Beginning at the line that contains "2006-12-04: Round 2", reproduce the entries below exactly, ending with the line that contains "Figure 2 The". Omit each picture.

THE INPUT:
================

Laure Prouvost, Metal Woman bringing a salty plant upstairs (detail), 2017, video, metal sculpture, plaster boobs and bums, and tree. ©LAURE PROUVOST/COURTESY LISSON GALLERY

================

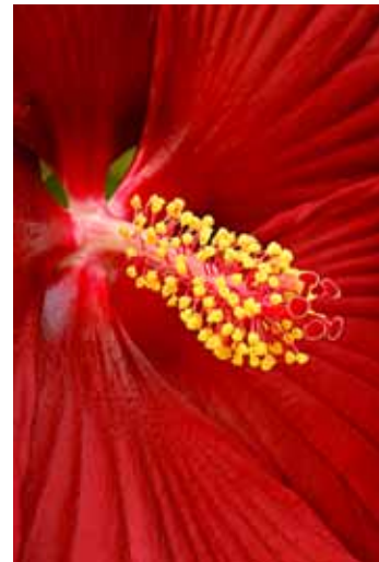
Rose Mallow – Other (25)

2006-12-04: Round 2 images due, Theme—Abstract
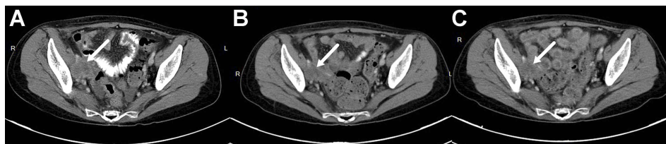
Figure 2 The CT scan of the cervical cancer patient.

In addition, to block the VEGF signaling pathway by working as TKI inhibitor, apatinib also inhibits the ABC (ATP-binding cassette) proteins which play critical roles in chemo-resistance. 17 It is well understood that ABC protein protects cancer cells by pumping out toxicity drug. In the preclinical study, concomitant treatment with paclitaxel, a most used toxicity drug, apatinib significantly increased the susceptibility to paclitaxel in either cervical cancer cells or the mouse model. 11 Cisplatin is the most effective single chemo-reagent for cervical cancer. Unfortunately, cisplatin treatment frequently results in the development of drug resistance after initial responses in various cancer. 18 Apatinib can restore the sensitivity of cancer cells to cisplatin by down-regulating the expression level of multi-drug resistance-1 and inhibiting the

================

ANSWER TO THIS EXERCISE:
2006-12-04: Round 2 images due, Theme—Abstract
Figure 2 The CT scan of the cervical cancer patient.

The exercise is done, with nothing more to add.